WHAT IS NEEDED: In the records below, find the line containing "The workflow is" and the line containing "3.フィルタするサービスユニ"; please repeat exactly the lines from one to the other, both included, and nothing more.

INPUT DATA:

BEGIN

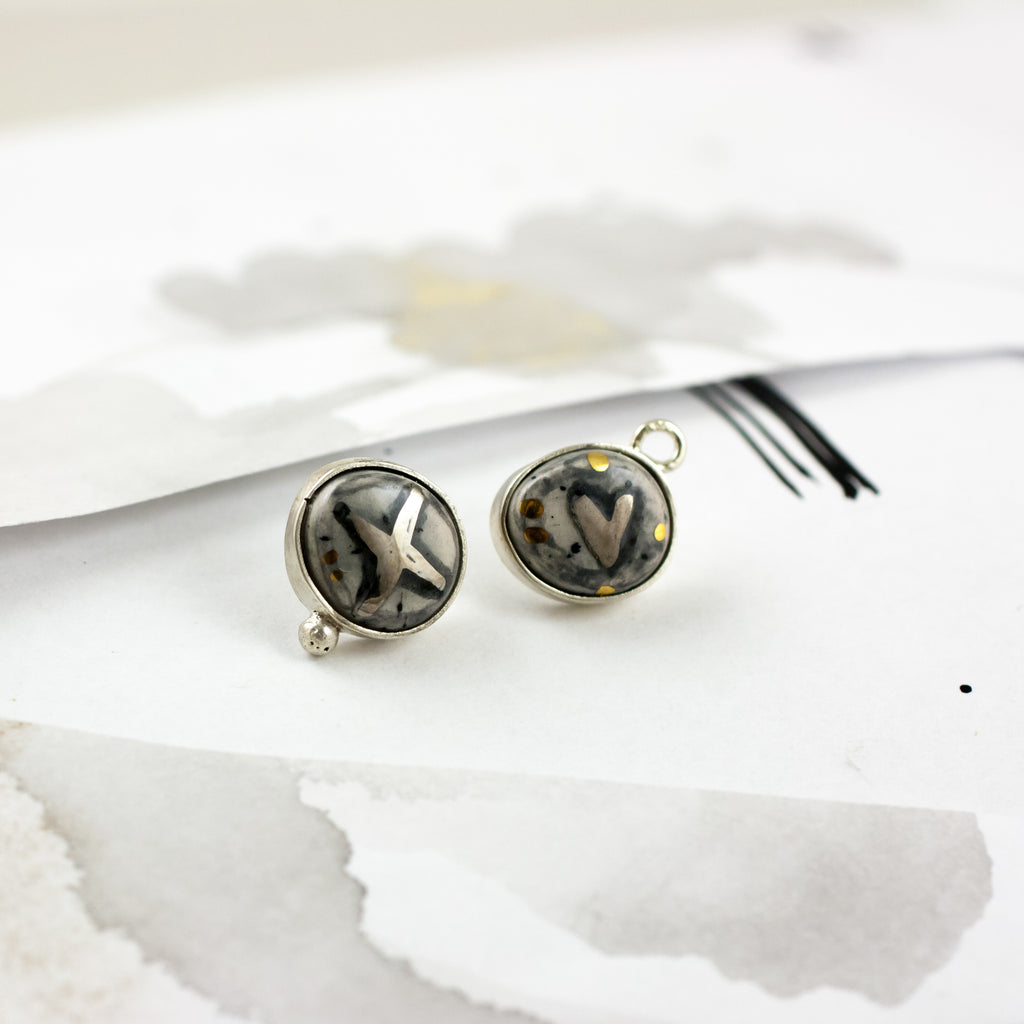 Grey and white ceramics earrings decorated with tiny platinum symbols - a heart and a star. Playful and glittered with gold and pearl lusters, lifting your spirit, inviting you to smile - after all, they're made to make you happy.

END
BEGIN

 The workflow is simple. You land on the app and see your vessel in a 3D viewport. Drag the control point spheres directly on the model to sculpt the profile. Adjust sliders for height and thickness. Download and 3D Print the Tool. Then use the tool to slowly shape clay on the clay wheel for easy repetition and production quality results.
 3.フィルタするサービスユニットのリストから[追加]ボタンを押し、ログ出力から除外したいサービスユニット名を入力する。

END
BEGIN

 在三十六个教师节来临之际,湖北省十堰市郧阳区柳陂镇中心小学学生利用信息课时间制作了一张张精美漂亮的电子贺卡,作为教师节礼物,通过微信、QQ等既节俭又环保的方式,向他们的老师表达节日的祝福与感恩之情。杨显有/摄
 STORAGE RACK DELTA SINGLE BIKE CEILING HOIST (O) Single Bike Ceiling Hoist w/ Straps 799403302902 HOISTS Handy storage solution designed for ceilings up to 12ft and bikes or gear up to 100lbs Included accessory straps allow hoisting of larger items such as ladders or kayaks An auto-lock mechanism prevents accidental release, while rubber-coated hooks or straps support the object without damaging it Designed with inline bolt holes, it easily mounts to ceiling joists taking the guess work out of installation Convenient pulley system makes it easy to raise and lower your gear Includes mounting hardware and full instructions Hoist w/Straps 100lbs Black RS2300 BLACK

END

ANSWER AREA:
 The workflow is simple. You land on the app and see your vessel in a 3D viewport. Drag the control point spheres directly on the model to sculpt the profile. Adjust sliders for height and thickness. Download and 3D Print the Tool. Then use the tool to slowly shape clay on the clay wheel for easy repetition and production quality results.
 3.フィルタするサービスユニットのリストから[追加]ボタンを押し、ログ出力から除外したいサービスユニット名を入力する。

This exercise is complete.